Look below for the line holding "EulerFinance launches EulerEarn: single-asset" and the line holding "People play traditional". Transcribe exactly those lines and all lines between them, nothing more.

■ SOURCE DATA ■
-----

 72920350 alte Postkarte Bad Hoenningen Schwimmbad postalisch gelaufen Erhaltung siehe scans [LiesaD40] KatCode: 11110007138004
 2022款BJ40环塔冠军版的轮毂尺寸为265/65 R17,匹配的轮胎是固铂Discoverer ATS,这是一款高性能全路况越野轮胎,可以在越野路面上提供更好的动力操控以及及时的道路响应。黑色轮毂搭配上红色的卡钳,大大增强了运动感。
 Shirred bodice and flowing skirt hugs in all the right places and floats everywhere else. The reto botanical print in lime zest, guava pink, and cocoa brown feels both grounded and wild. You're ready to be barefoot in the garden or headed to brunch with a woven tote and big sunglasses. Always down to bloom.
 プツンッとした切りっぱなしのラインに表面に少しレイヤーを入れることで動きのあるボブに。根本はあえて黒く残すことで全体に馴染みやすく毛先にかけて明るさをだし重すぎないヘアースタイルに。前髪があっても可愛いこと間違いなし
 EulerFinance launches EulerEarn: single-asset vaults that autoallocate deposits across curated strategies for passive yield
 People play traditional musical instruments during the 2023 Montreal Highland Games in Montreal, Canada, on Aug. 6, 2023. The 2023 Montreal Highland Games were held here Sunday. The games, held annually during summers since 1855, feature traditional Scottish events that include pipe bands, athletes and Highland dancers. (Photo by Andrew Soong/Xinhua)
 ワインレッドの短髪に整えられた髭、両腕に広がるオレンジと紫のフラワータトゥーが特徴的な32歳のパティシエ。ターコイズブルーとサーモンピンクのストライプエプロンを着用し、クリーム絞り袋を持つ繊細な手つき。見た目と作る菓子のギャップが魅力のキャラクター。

-----

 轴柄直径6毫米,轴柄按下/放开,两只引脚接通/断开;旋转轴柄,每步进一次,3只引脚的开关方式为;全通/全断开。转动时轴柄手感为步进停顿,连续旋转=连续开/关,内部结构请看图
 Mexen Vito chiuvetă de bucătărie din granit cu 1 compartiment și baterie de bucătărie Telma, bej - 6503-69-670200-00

-----

■ TASK OUTPUT ■
 EulerFinance launches EulerEarn: single-asset vaults that autoallocate deposits across curated strategies for passive yield
 People play traditional musical instruments during the 2023 Montreal Highland Games in Montreal, Canada, on Aug. 6, 2023. The 2023 Montreal Highland Games were held here Sunday. The games, held annually during summers since 1855, feature traditional Scottish events that include pipe bands, athletes and Highland dancers. (Photo by Andrew Soong/Xinhua)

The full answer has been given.